ПОДГУЗЛО. Ой, я на секундочку. Хотел узнать у Азап Калиныча, как дела его многотрудные?..

КОРОБОВ. Всё нормально, контракт ещё на год…

ПОДГУЗЛО. Я сердцем чувствовал – всё будет замечательно.

КОРОБОВ. Да ладно – сердцем. У меня б жена в управлении культуры сидела, я бы все новости первый знал.

ПОДГУЗЛО. Ну что вы, это закрытая информация. Я подарочек прикупил, конечно. Приметы, знаете ли…


Подгузло протискивается в дверь, словно её кто-то держит снаружи. В руках у него подарочный пакет.


Думаю, куплю – оставят директора, а не куплю… От художественного руководителя, как говорится, от чистого сердца и для больших надежд на будущее…


Худрук протягивает пакет Коробову. Тот заглядывает внутрь и вытягивает оттуда бутылку коньяка, а сам пакет ставит под стол.


КОРОБОВ. Армянский. Вери гуд. На видное место. (Ставит коньяк на стол возле портрета.) Как придёт, так и приступим… Чё у вас там с Божко случилось?

ПОДГУЗЛО. С Семёном? Он же от вас вышел… Я думал, он проинформировал.

КОРОБОВ. Ну, он мне свою версию рассказал. Вы свою расскажите. Я чувствую, этот клубок так просто не распутать.

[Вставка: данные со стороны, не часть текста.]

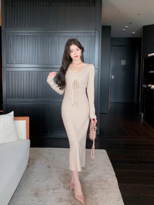 ByYou 冬季新款兔绒V领收腰针织连衣裙中长款修身内搭过膝毛衣裙
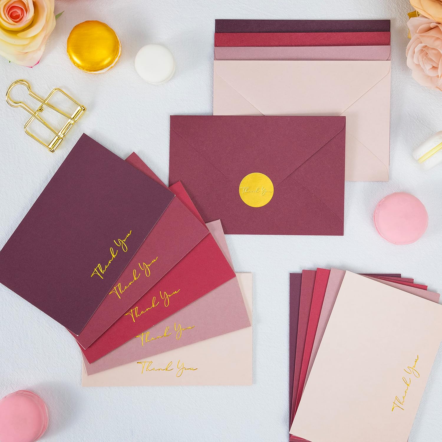 - Elegant Design: Elevate your gratitude with this exquisite set of 4x6 thank you cards with envelopes, featuring five elegant hues. Each thank you card is adorned with luxe gold foil 'thank you' script at the base—a timeless touch for weddings, gifts, or heartfelt notes
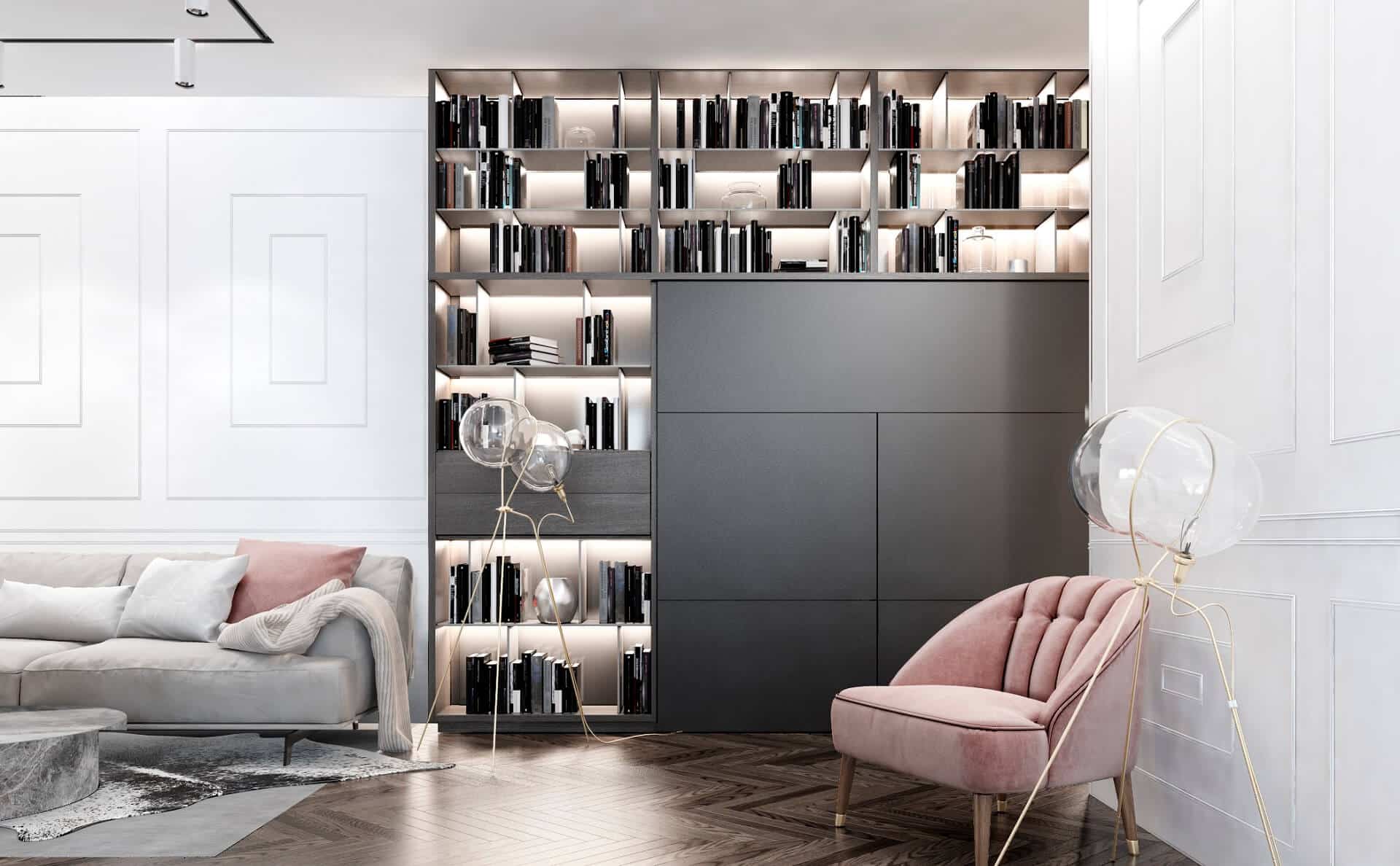 - Integrated shelving with soft backlighting provides both display and storage, maintaining a polished look.
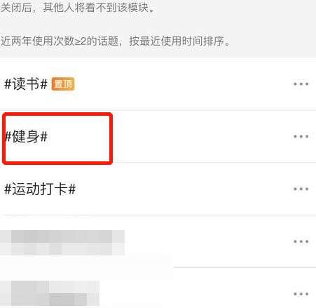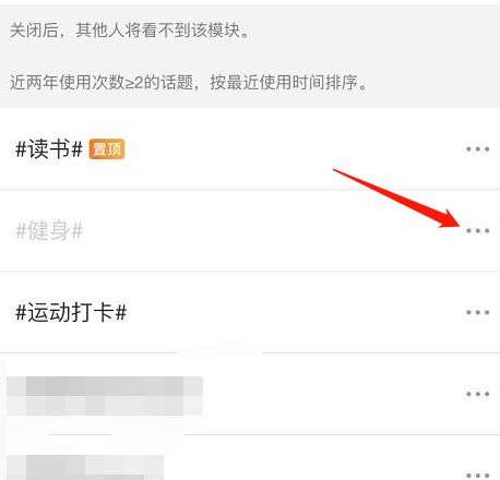 之后就会进入到常用话题的管理页面了。在这个页面内可以看见隐藏的话题词,灰色显示的话题就是被隐藏起来的。想要取消隐藏,就点击其后面的三个点的按钮。
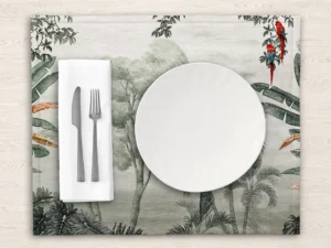 Tropik Ormanın Kalbinde İki Aşk Kuşu Masa Örtüsü
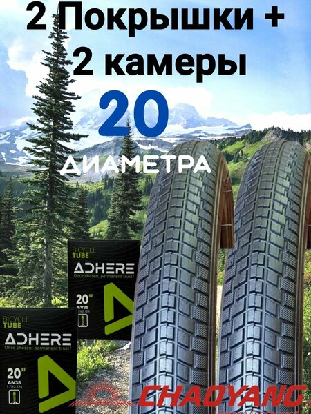 2 Покрышки + 2 камеры на 20 диаметра колеса. ADHERE
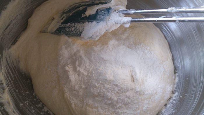 Посыпать немного просеянной муки,тщательно перемешивая.

ПОДГУЗЛО. Да нет, всё элементарно, Витал Талыч. Вчера бригада музыкантов с Кариной Дуговой ждала его час двадцать в автобусе. Все волновались, звонили ему, но он не брал трубку, понимаете, на звонки не отвечал… Что случилось – непонятно. В результате пришлось отменить концерт. Мда, неадекватная ситуация.

КОРОБОВ. Главбух говорила, сколько мы денег из-за сорванного концерта потеряли? Сколько зрителям вернули?

ПОДГУЗЛО. Я думаю, где-то около…

КОРОБОВ (перебивая). Не надо думать, надо точно знать. А вы что предлагаете?

ПОДГУЗЛО. По поводу чего?

КОРОБОВ. Инцидента. Чё с Семёном делать будем? Увольнять?

ПОДГУЗЛО. Ну-у… Ситуация, конечно, серьёзная, я бы даже сказал экстраординарная… Карина Дугова отказывается с ним работать. Говорит, это уже второй случай. Первый раз ему простили, скрыли, как говорится, а вот сейчас вся бригада музыкантов настроена очень агрессивно.

КОРОБОВ. Бригада музыкантов – не смешите меня. Певица, баянист, гитарист и ведущий. Из этой бригады можно только Дугову оставить как певицу и Семёна как баяниста – остальных на стройку!

ПОДГУЗЛО. Ну, они совершенствуются…

КОРОБОВ. Ага, пусть на сигарной фабрике пальцы совершенствуют. Гитаристу руки отрубить за такую игру. Пацаны в подворотне лучше играют.

ПОДГУЗЛО. Ну что вы, Игорь Иваныч учебник написал о технике игры на гитаре. Доцент в нашем университете.

КОРОБОВ (морщась). Николай Васильч, давайте вот это фуфло здесь не будем… Все мы знаем, как это делается. Я могу профессором стать по игре в бубен. Легко. Просто время на это тратить жалко. И денег жалко всяким прохиндеям дарить.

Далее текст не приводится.